## HOW TO COMPLETE THIS TASK
Your task is to output the listing word for word, with pictures excluded.
------ EXTRACTED RECORDS
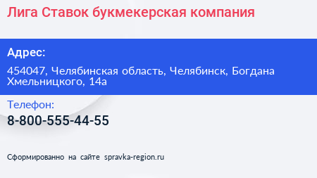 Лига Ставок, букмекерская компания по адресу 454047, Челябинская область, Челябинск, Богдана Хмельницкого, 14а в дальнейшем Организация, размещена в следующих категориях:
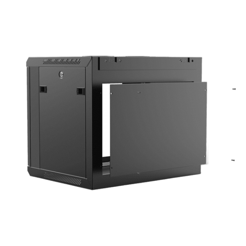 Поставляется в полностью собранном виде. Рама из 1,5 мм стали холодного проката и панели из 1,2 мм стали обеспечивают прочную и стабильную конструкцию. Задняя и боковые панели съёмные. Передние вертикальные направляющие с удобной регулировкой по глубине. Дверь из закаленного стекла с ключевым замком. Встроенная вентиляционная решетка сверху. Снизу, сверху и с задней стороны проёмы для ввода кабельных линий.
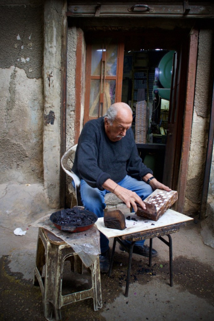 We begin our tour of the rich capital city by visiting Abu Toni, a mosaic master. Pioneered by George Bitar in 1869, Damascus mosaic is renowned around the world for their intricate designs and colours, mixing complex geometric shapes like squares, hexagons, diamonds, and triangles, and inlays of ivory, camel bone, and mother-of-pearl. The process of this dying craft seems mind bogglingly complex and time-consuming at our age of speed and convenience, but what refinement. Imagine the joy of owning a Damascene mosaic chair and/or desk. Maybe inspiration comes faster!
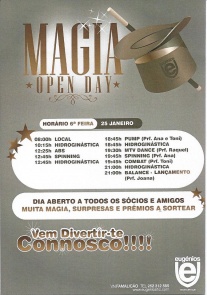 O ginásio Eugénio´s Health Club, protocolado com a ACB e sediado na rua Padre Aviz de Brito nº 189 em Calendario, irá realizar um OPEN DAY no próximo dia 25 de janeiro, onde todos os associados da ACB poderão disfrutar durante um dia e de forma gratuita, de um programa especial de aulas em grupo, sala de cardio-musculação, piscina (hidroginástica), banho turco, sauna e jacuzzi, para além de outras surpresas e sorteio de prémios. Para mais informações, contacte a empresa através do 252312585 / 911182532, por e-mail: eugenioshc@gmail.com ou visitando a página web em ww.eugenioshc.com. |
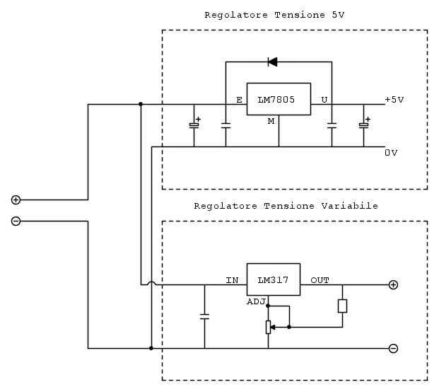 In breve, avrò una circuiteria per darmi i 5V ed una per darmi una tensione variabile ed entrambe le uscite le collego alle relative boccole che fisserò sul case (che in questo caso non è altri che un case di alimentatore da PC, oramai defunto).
------------
## SOLUTION FOR THIS EXERCISE
 Лига Ставок, букмекерская компания по адресу 454047, Челябинская область, Челябинск, Богдана Хмельницкого, 14а в дальнейшем Организация, размещена в следующих категориях:
 Поставляется в полностью собранном виде. Рама из 1,5 мм стали холодного проката и панели из 1,2 мм стали обеспечивают прочную и стабильную конструкцию. Задняя и боковые панели съёмные. Передние вертикальные направляющие с удобной регулировкой по глубине. Дверь из закаленного стекла с ключевым замком. Встроенная вентиляционная решетка сверху. Снизу, сверху и с задней стороны проёмы для ввода кабельных линий.
 We begin our tour of the rich capital city by visiting Abu Toni, a mosaic master. Pioneered by George Bitar in 1869, Damascus mosaic is renowned around the world for their intricate designs and colours, mixing complex geometric shapes like squares, hexagons, diamonds, and triangles, and inlays of ivory, camel bone, and mother-of-pearl. The process of this dying craft seems mind bogglingly complex and time-consuming at our age of speed and convenience, but what refinement. Imagine the joy of owning a Damascene mosaic chair and/or desk. Maybe inspiration comes faster!
 O ginásio Eugénio´s Health Club, protocolado com a ACB e sediado na rua Padre Aviz de Brito nº 189 em Calendario, irá realizar um OPEN DAY no próximo dia 25 de janeiro, onde todos os associados da ACB poderão disfrutar durante um dia e de forma gratuita, de um programa especial de aulas em grupo, sala de cardio-musculação, piscina (hidroginástica), banho turco, sauna e jacuzzi, para além de outras surpresas e sorteio de prémios. Para mais informações, contacte a empresa através do 252312585 / 911182532, por e-mail: eugenioshc@gmail.com ou visitando a página web em ww.eugenioshc.com. |
 In breve, avrò una circuiteria per darmi i 5V ed una per darmi una tensione variabile ed entrambe le uscite le collego alle relative boccole che fisserò sul case (che in questo caso non è altri che un case di alimentatore da PC, oramai defunto).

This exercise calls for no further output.